▶ _Task objective_
Pictures aside, repeat the listing below exactly.

▶ _Supplied information_
########################################

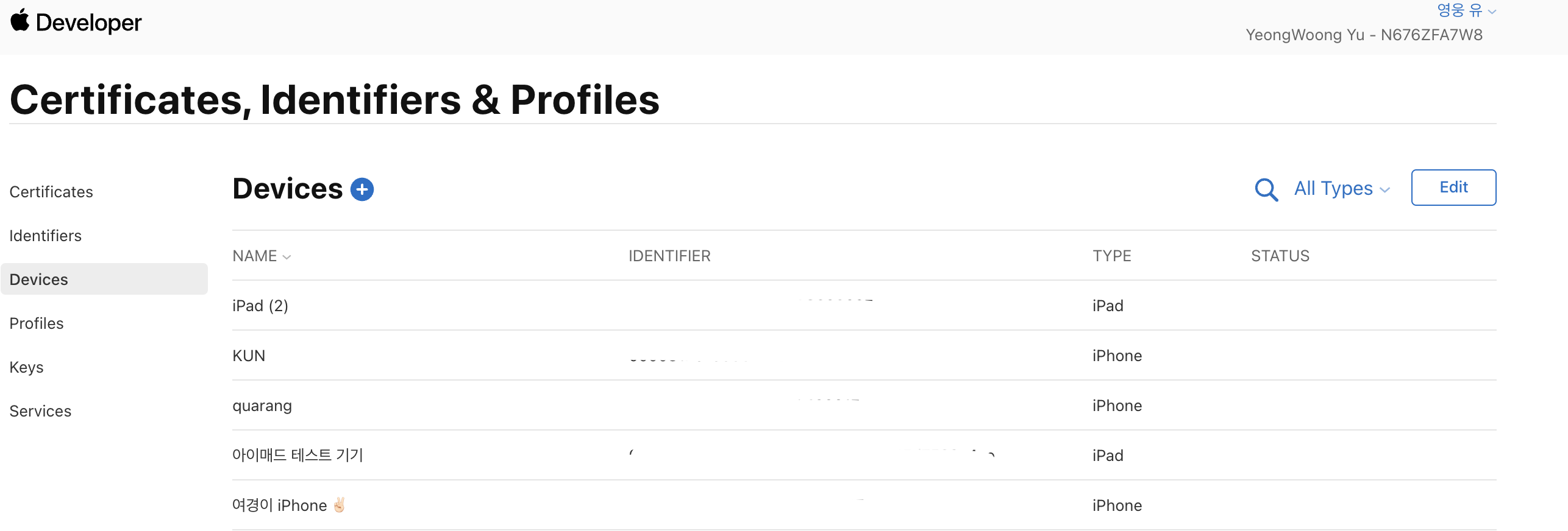 그것을 앱을 배포할 계정 디바이스에 추가한다. 이 과정을 거치는 이유는 xcode에서 앱을 빌드해서 실제 디바이스에서 테스트 하려면 직접적으로 맥북과 기기가 물리적으로 연결이 된 채로 빌드를 해야한다. 그렇게 되면 위 사진과 같이 decives목록에 추가가 되는 듯한데, 이 과정을 수동으로 하는 것이다.
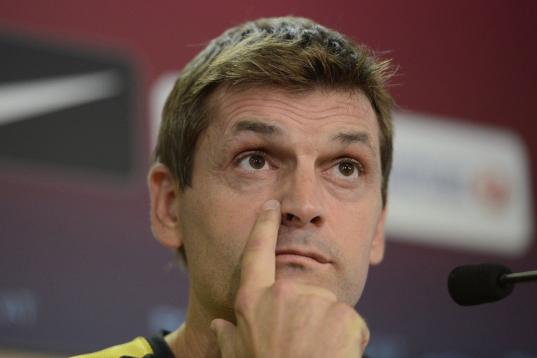 El técnico del Barcelona, Tito Vilanova, aparece en una rueda de prensa el 30 de abril de 2013 en San Joan Despi, Barcelona. El club anunció la salida del timonel el vienes, 19 de julio de 2013, por una recaída de cáncer. (AP Photo/Manu Fern...
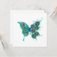 Artistically drawn, fictional, green, detailed butterfly with green, beautiful, peacock feathers on white background.
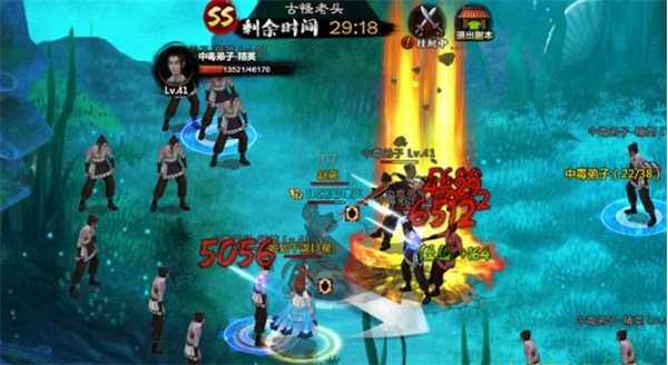 在游戏中,玩家无需在战斗时进行任何的操作,战斗都是自动进行的。在战斗的过程中,玩家和对手的弟子会根据速度决定起手次序,并根据此次序发动攻击,普通攻击优先攻击就近的前排单位,技能根据技能范围锁定攻击对象,最先把对方全部击倒者获得胜利。

########################################

▶ _Your solution_
 그것을 앱을 배포할 계정 디바이스에 추가한다. 이 과정을 거치는 이유는 xcode에서 앱을 빌드해서 실제 디바이스에서 테스트 하려면 직접적으로 맥북과 기기가 물리적으로 연결이 된 채로 빌드를 해야한다. 그렇게 되면 위 사진과 같이 decives목록에 추가가 되는 듯한데, 이 과정을 수동으로 하는 것이다.
 El técnico del Barcelona, Tito Vilanova, aparece en una rueda de prensa el 30 de abril de 2013 en San Joan Despi, Barcelona. El club anunció la salida del timonel el vienes, 19 de julio de 2013, por una recaída de cáncer. (AP Photo/Manu Fern...
 Artistically drawn, fictional, green, detailed butterfly with green, beautiful, peacock feathers on white background.
 在游戏中,玩家无需在战斗时进行任何的操作,战斗都是自动进行的。在战斗的过程中,玩家和对手的弟子会根据速度决定起手次序,并根据此次序发动攻击,普通攻击优先攻击就近的前排单位,技能根据技能范围锁定攻击对象,最先把对方全部击倒者获得胜利。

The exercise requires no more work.